Но вот первый из вопросов, который взламывает «логичность» этой монистической схемы: Чья это иллюзия?
Если это иллюзия моя — то ведь для того, чтобы впасть в иллюзию, породить ее, я уже должен быть. Мое собственное бытие как личности порождено иллюзией или порождает ее? Если это моя ошибка, если множественность лишь снится мне, но не Богу — тогда откуда взялся я? Откуда в мире другой субъект, нежели Первоединое Божество? Если Божество не ошибается и не впадает в иллюзию, то откуда же взялся я, ошибающийся? Если я часть Божества, значит, Божество ошибается во мне и вместе со мною. Если я не часть Божества, тогда, значит бытие стало плюралистичным и разнообразным еще прежде моей ошибки (или ошибки любого иного существа). Чтобы иллюзия возникла в ограниченном сознании, это сознание уже должно быть ограниченно. И отчего же оно стало таким, отчего оно отвалилось от Абсолюта?
Если же я сам есть плод чье-то другой иллюзии — то возникает вопрос о ее причине. Если в иллюзию впал Бог — то как Ему это удалось? Если полагать, что Бог и мир соединены не волей Творца, желающего возникновения творения, то приходится лишить Бога статуса абсолютности: Он способен забывать даже самого Себя, впадать в маразм, в результате которого возникает дробность, материальность и я сам…
Существует ли теософ? Вот Вы, лично Вы, уважаемый читатель и оппонент — Вы считаете себя существующим?
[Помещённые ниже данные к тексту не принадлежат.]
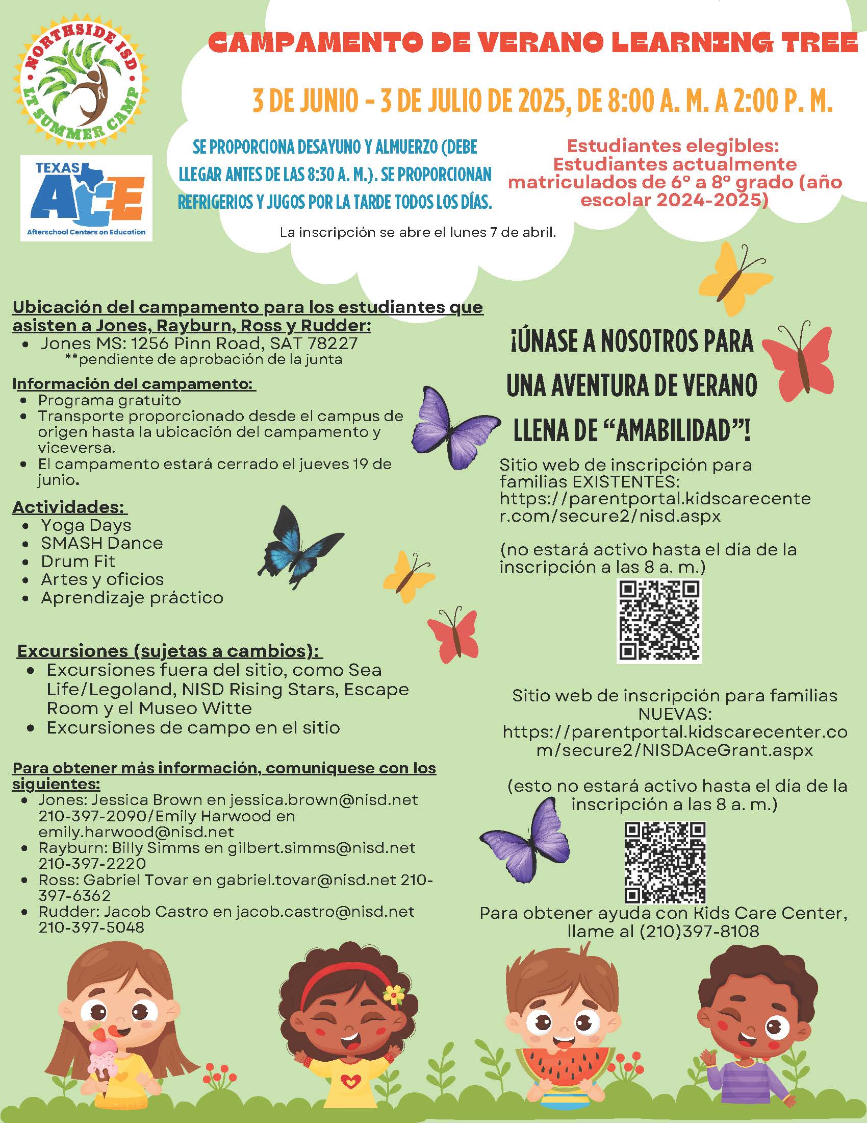 Learning Tree is offering a free summer camp for current Rayburn students. Please open the attachment for a flyer with all of the information. For questions, please call Mr. Simms at 397-2220.

Или Вы просто снитесь кому-то? Считаете ли Вы свою жизнь своей или же лишь жизнью Мирового Божества? То есть — считаете ли Вы себя всецело Божественным? Являются ли все Ваши мысли мыслями Божества, поступки — поступками Божества, ошибки — ошибками Божества? Если нет, если Вы признаете, что Ваша жизнь и мысль и чувства не во всем тождественны с жизнью Божественной, то значит Вы признали свою конечность, ограниченность (хотя бы в некоторых отношениях). Так эта Ваша конечность реальна или иллюзорна? Если реальна — то откуда же тогда взялось это различие? Откуда Вы взялись? Если иллюзорна — то в чьем воспрятии эта иллюзия плавает? И если наше бытие, наш мир не есть иллюзия Абсолюта (тут я с Вами согласен) — то какова же причина нашего бытия? Или мы породили себя своей собственной иллюзией?
Если изначально было безсмыслящее и бездействующее Абсолютное бытие, то откуда в Нем появилась дробность, плодом которой Вы и являетесь? Почему Бог сходит с ума?
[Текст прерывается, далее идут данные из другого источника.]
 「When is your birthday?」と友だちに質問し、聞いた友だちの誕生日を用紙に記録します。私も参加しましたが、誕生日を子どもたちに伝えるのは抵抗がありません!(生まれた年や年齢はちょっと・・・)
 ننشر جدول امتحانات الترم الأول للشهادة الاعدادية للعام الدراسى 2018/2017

Если мир возник в результате того, что Божество впало в невежество Самого Себя и отдалось Майе — то, значит, Майя более могущественна, чем Бог. Почему Бог не уберег Себя от ошибки? И если избежать фатальной ошибки не оказалось под силу Богу, то на что может надеяться человек? Бог не думающий, ошибающийся, впадающий в неведение Самого Себя — это уже не Бог. Это не то Абсолютное Бытие, совокупность всех Совершенств, которое на языке философии именуется Богом. Это — мифологический персонаж, подобный «божественным» развратникам с греческого Олимпа.
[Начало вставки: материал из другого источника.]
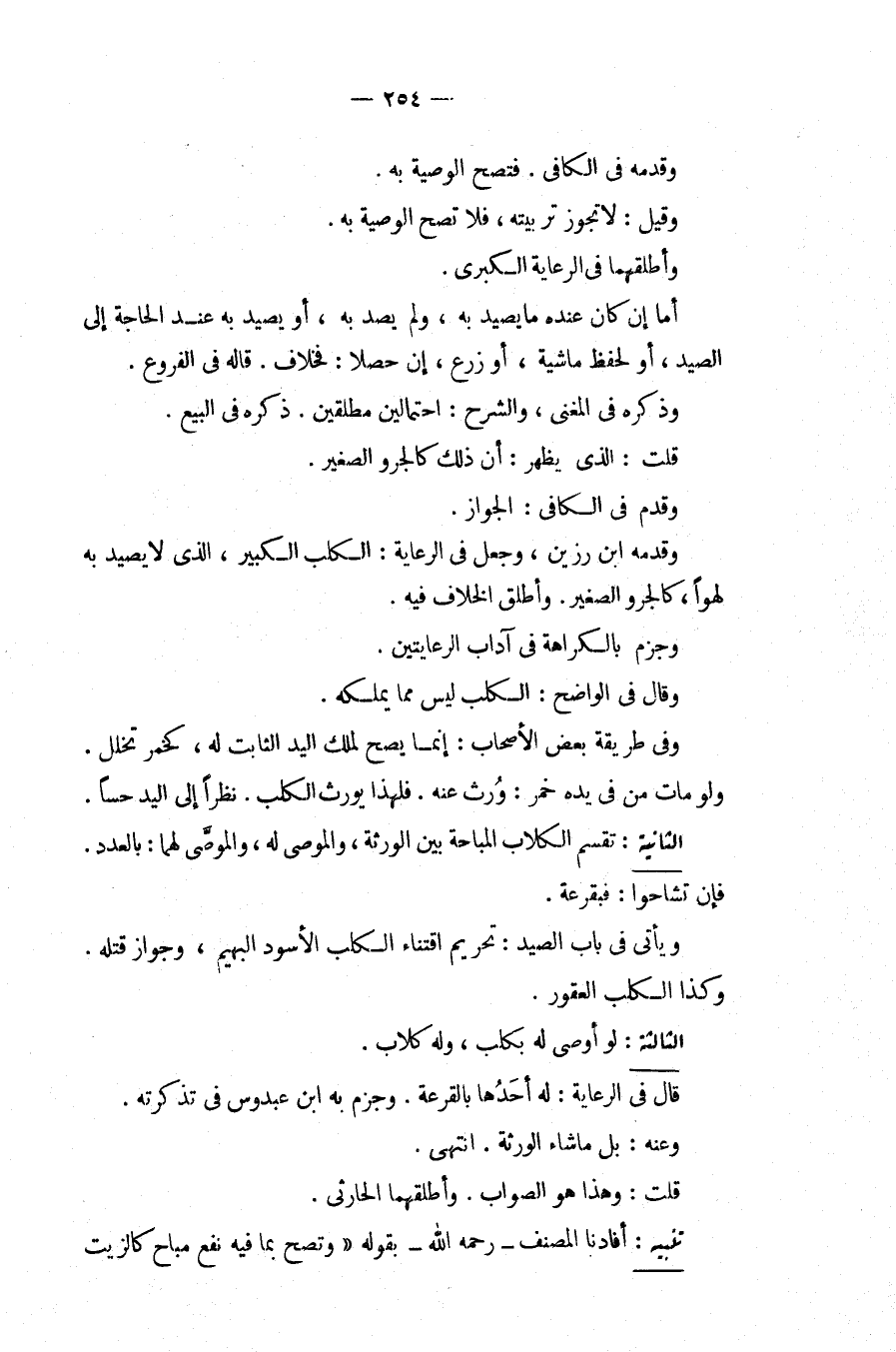 وَقَدَّمَهُ فِي الْكَافِي. فَتَصِحُّ الْوَصِيَّةُ بِهِ. وَقِيلَ. لَا تَجُوزُ تَرْبِيَتُهُ، فَلَا تَصِحُّ الْوَصِيَّةُ بِهِ. وَأَطْلَقَهُمَا فِي الرِّعَايَةِ الْكُبْرَى. أَمَّا إنْ كَانَ عِنْدَهُ مَا يَصِيدُ بِهِ، وَلَمْ يَصِدْ بِهِ، أَوْ يَصِيدُ بِهِ عِنْدَ الْحَاجَةِ إلَى الصَّيْدِ، أَوْ لِحِفْظِ مَاشِيَةٍ، أَوْ زَرْعٍ، إنْ حَصَلَا: فَخِلَافٌ. قَالَهُ فِي الْفُرُوعِ. وَذَكَرَهُ فِي الْمُغْنِي، وَالشَّرْحِ: احْتِمَالَيْنِ مُطْلَقَيْنِ. ذَكَرَهُ فِي الْبَيْعِ. قُلْت: الَّذِي يَظْهَرُ: أَنَّ ذَلِكَ كَالْجَرْوِ الصَّغِيرِ. وَقَدَّمَ فِي الْكَافِي: الْجَوَازَ. وَقَدَّمَهُ ابْنُ رَزِينٍ، وَجَعَلَ فِي الرِّعَايَةِ: الْكَلْبَ الْكَبِيرَ، الَّذِي لَا يَصِيدُ بِهِ لَهْوًا كَالْجَرْوِ الصَّغِيرِ. وَأَطْلَقَ الْخِلَافَ فِيهِ. وَجَزَمَ بِالْكَرَاهَةِ فِي آدَابِ الرِّعَايَتَيْنِ. وَقَالَ فِي الْوَاضِحِ: الْكَلْبُ لَيْسَ مِمَّا يَمْلِكُهُ. وَفِي طَرِيقَةِ بَعْضِ الْأَصْحَابِ: إنَّمَا يَصِحُّ لِمِلْكِ الْيَدِ الثَّابِتِ لَهُ كَخَمْرٍ تَخَلَّلَ. وَلَوْ مَاتَ مَنْ فِي يَدِهِ خَمْرٌ: وُرِثَ عَنْهُ. فَلِهَذَا يُورَثُ الْكَلْبُ. نَظَرًا إلَى الْيَدِ حِسًّا.

Невежество может покрыть Бога не более, чем облако — покрыть солнце. Облако не может даже приблизиться к солнцу, не превратившись в пар.
Вся видимая логичность пантеистической доктрины рушится, как только ставишь ей вопрос: кто именно является субъектом той ошибки, которая породила нашу иллюзорную вселенную. Кто — ошибся? Чье восприятие иллюзорно и конечно: Божества или человека? Откуда появилось бытие иное, чем Абсолют? И если наше бытие, наш мире не есть иллюзия Абсолюта — то какова же причина нашего бытия? Или мы породили себя своей собственной иллюзией? Но это уже — сказки барона М…, самого себя вытащившего из болота небытия усилием собственного сна.
Эти вопросы ставили еще индийские философы. Вот диалог между сторонником онтологического плюрализма (то есть философии, признающей реальное существование разнообразной вселенной), и адвайтистом (полагающим, что все в мире есть иллюзия, порожденная в Абсолюте): «Адвайтист: Различие между Высшим Атманом и индивидуальными связано с Незнанием, имеющей безначальные дифференциации. Ньяя-вайшешик: Но кому, собственно, принадлежит само это Незнание? Если Брахману, то он уже не может быть чистой «мыслительностью» (как вы утверждаете)[109], а если индивидуальному Атману, то будет порочный круг: его множественность — результат Незнания, а Незнание — результат его множественности… Более того, если бы существовал только один Атман, то при освобождении одного освободились бы и все, а мир прекратился бы (ибо он существует только до тех пор пока действует Незнание), что абсурдно»[442].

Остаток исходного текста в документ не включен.